**Input data**
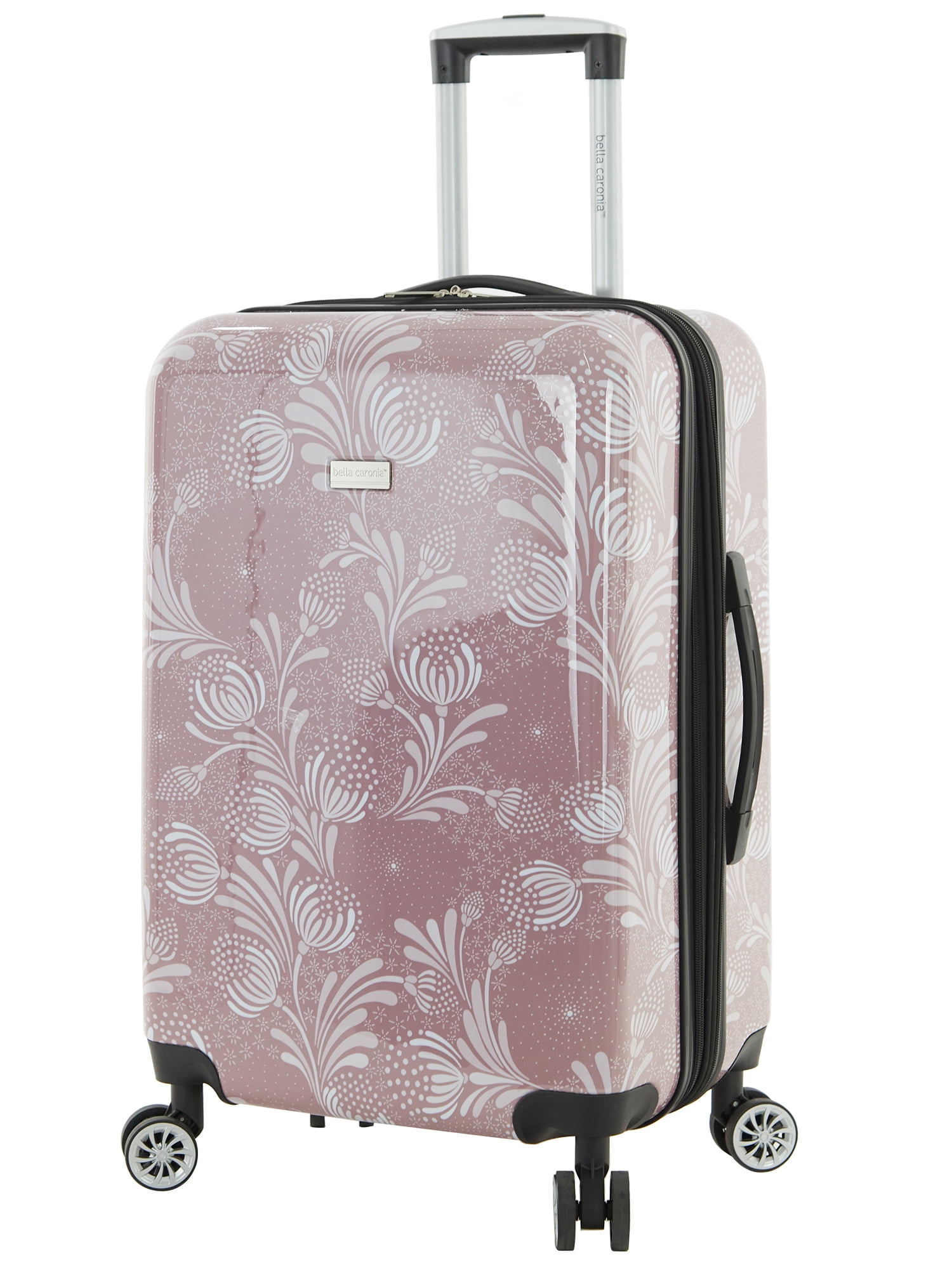 Travelers Club 3 pc. travel luggage set created by Bella Caronia. This high fashioned luggage set consists of a 28″ expandable 8-wheel spinner upright, a 24″ expandable 8-wheel spinner upright along with a 20″ expandable 8-wheel spinner rolling carry-on. All feature 2″ expansion sections, 8 spinner wheels, locking telescopic handles, top and side carry handles and are fully lines. Made of hardside ABS material with added polycarbonate coating to give it scratch and dirt resistancy. The 28″ measures with the wheels, 30″ x 19″ x 12 ” and weighs 9.6 lbs. An ideal bag to pack for a week trip. It meets airline check-in requirements. The 24″ measures with the wheels, 26″ x 18″ x 11″ and weighs 8 lbs. Perfect for a 4 to 6 day trip. The 20″ with the wheels measures 22″ x 15″ x 9.5″ and weighs only 6.9 lbs. Easily accomodates your travel needs up to 3 days. The 20″ carry-on meets most airline carry-on requirements.
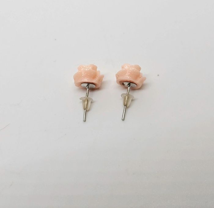 Paire de boucles d'oreilles. Neuve. Fleur beige #Valex_BouclesDoreilles
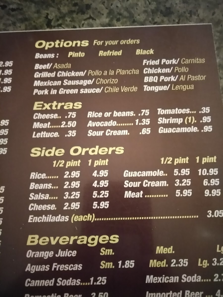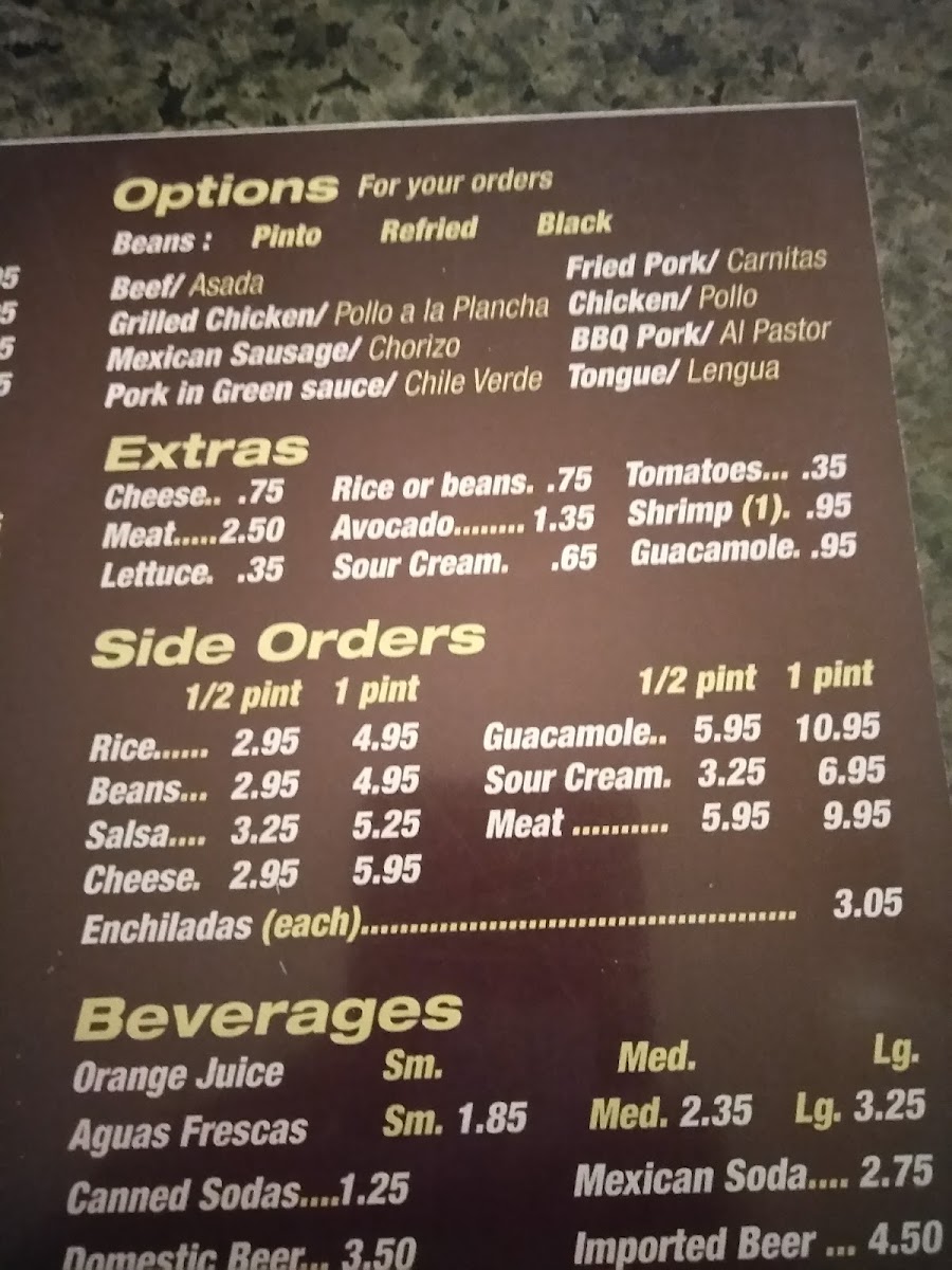 Served with rice, beans, rice, guacamole, onions and cilantro.

**Exercise instructions**
All of the lines above should be printed exactly, minus the pictures.

**Exercise output**
 Travelers Club 3 pc. travel luggage set created by Bella Caronia. This high fashioned luggage set consists of a 28″ expandable 8-wheel spinner upright, a 24″ expandable 8-wheel spinner upright along with a 20″ expandable 8-wheel spinner rolling carry-on. All feature 2″ expansion sections, 8 spinner wheels, locking telescopic handles, top and side carry handles and are fully lines. Made of hardside ABS material with added polycarbonate coating to give it scratch and dirt resistancy. The 28″ measures with the wheels, 30″ x 19″ x 12 ” and weighs 9.6 lbs. An ideal bag to pack for a week trip. It meets airline check-in requirements. The 24″ measures with the wheels, 26″ x 18″ x 11″ and weighs 8 lbs. Perfect for a 4 to 6 day trip. The 20″ with the wheels measures 22″ x 15″ x 9.5″ and weighs only 6.9 lbs. Easily accomodates your travel needs up to 3 days. The 20″ carry-on meets most airline carry-on requirements.
 Paire de boucles d'oreilles. Neuve. Fleur beige #Valex_BouclesDoreilles
 Served with rice, beans, rice, guacamole, onions and cilantro.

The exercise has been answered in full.